NB: This is nearly the same as: https://reviews.llvm.org/D157581

RKSimon

Some initial comments - but I can't see why so much logic is in x86 directly. The keepJumpConditionsTogether implementation appears very generic, and I'd expect it to be in DAGBuilder and x86 just has a simple TLI flag callback to enable it.

RKSimon · 2024-02-14T10:17:45Z

llvm/include/llvm/CodeGen/TargetLowering.h

@@ -596,6 +596,13 @@ class TargetLoweringBase {
  /// avoided.
  bool isJumpExpensive() const { return JumpIsExpensive; }

+  virtual bool keepJumpConditionsTogether(const FunctionLoweringInfo &,


Add doxygen description

llvm/lib/Target/X86/X86ISelLowering.cpp

RKSimon · 2024-02-14T10:26:52Z

llvm/lib/Target/X86/X86ISelLowering.cpp

+      else {
+        // Its likely we will get an early out.
+        CostThresh -= BrMergingUnlikelyBias.getValue();
+        if (BrMergingUnlikelyBias.getValue() < 0) {


Attempt this earlier?

goldsteinn · 2024-02-14T17:08:57Z

Some initial comments - but I can't see why so much logic is in x86 directly. The keepJumpConditionsTogether implementation appears very generic, and I'd expect it to be in DAGBuilder and x86 just has a simple TLI flag callback to enable it.

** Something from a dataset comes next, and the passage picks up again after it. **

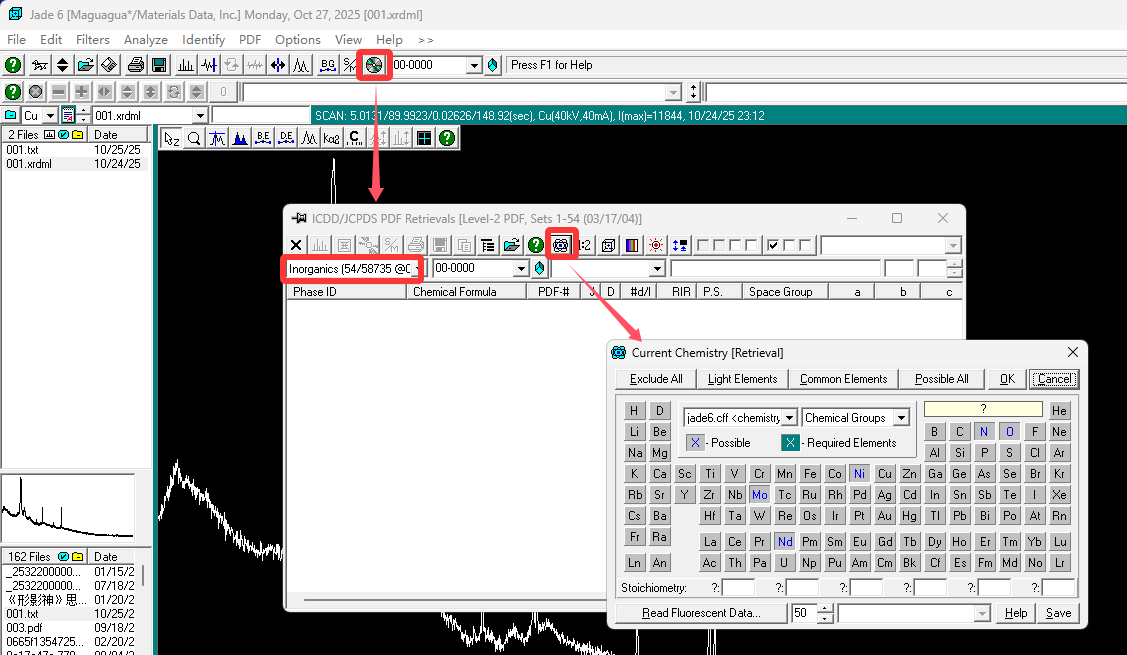 之后需要对你的化合物进行对应峰位的寻找。点击光碟样图案、在弹出的窗口中选取对应的库,例如我选用”Inorganics”库

Fair enough. Ill put the code somewhere generic and make it a call in.

goldsteinn · 2024-02-15T23:27:33Z

Some initial comments - but I can't see why so much logic is in x86 directly. The keepJumpConditionsTogether implementation appears very generic, and I'd expect it to be in DAGBuilder and x86 just has a simple TLI flag callback to enable it.

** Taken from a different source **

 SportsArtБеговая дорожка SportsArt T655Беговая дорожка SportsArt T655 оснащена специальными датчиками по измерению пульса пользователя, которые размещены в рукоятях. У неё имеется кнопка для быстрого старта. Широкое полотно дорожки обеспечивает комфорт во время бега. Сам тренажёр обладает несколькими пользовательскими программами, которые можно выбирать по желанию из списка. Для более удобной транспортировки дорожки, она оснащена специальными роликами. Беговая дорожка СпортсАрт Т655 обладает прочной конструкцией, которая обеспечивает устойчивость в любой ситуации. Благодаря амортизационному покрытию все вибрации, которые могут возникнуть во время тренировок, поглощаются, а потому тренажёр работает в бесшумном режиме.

Fair enough. Ill put the code somewhere generic and make it a call in.

Have moved code to SelectionDAG w/ targets providing the tuning params. I kept the special case for (a == b && c == d) in x86 as not sure if thats really general.

goldsteinn · 2024-02-19T16:56:35Z

ping

RKSimon · 2024-02-21T11:25:44Z

llvm/include/llvm/CodeGen/TargetLowering.h

+  struct CondMergingParams {
+    int BaseCost;
+    int LikelyBias;
+    int UnlikelyBias;


Add comments

RKSimon · 2024-02-21T11:26:27Z

llvm/include/llvm/CodeGen/TargetLowering.h

+    int UnlikelyBias;
+  };
+  // Return params for deciding if we should keep two branch conditions merged
+  // or split them into two seperate branches.

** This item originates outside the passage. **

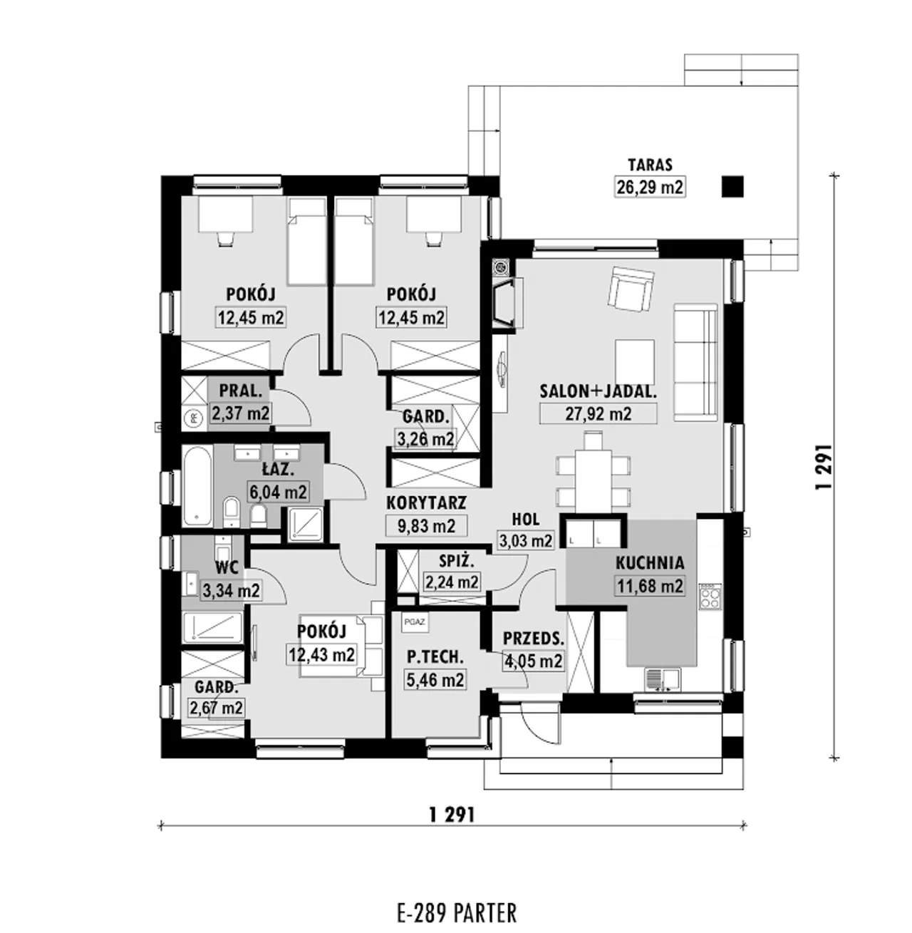 Projekt domu E-289 to prawdziwa perła wśród nowoczesnych domów jednorodzinnych, idealna dla każdej rodziny pragnącej cieszyć się wspólnymi chwilami w komfortowych warunkach. To dom z duszą, którego architektura łączy elegancję z funkcjonalnością. Przestronne, świetliste wnętrza sprawiają, że dom staje się nie tylko miejscem mieszkalnym, ale prawdziwym azylem. Ciekawie zaprojektowane przeszklenia umożliwiają idealne połączenie z naturą, co znacząco wpływa na komfort życia, a subtelne linie architektoniczne budynku wzbudzają podziw każdego, kto przechodzi obok. To miejsce, gdzie każdy dzień może być kameralnym celebrowaniem rodzinnych momentów.

Add paramater descriptions to the comment

What do you mean by this?

Typo "separate"

Describe what the 3 function parameters do

RKSimon · 2024-02-21T11:27:21Z

llvm/lib/CodeGen/SelectionDAG/SelectionDAGBuilder.cpp

@@ -2432,6 +2434,141 @@ SelectionDAGBuilder::EmitBranchForMergedCondition(const Value *Cond,
  SL->SwitchCases.push_back(CB);
 }

+// Collect dependings on V recursively. This is used for the cost analysis in


dependings -> dependencies?

RKSimon · 2024-02-21T11:28:00Z

llvm/lib/CodeGen/SelectionDAG/SelectionDAGBuilder.cpp

+  if (!Deps->insert(I).second)
+    return true;
+
+  for (unsigned OpIdx = 0; OpIdx < I->getNumOperands(); ++OpIdx)


(style) for (unsigned OpIdx = 0, E = I->getNumOperands(); OpIdx < E; ++OpIdx)

RKSimon · 2024-02-21T11:30:06Z

llvm/lib/CodeGen/SelectionDAG/SelectionDAGBuilder.cpp

+
+  // Prune instructions from RHS Deps that are dependencies of unrelated
+  // instructions.
+  const unsigned MaxPruneIters = 8;


Magic number?

Yeah, changed to SelectionDAG::MaxRecursionDepth and added a comment indicating its relative arbitraryness.

RKSimon · 2024-02-21T11:30:17Z

llvm/lib/CodeGen/SelectionDAG/SelectionDAGBuilder.cpp

+
+  for (const auto *Ins : RhsDeps) {
+    CostOfIncluding +=
+        TTI.getInstructionCost(Ins, TargetTransformInfo::TCK_Latency);


Why TCK_Latency ?

My thought it we are computing a dependency chain so latency was the right measurement. We could be a bit smart and take ilp into account, but that seems overkill when the BaseCost bound is generally relatively low.

Adding a comment to the affect.

RKSimon · 2024-02-21T11:31:25Z

llvm/lib/Target/X86/X86ISelLowering.cpp

@@ -55,6 +58,7 @@
 #include "llvm/MC/MCContext.h"
 #include "llvm/MC/MCExpr.h"
 #include "llvm/MC/MCSymbol.h"
+#include "llvm/Support/BranchProbability.h"


Do you still need all these extra includes?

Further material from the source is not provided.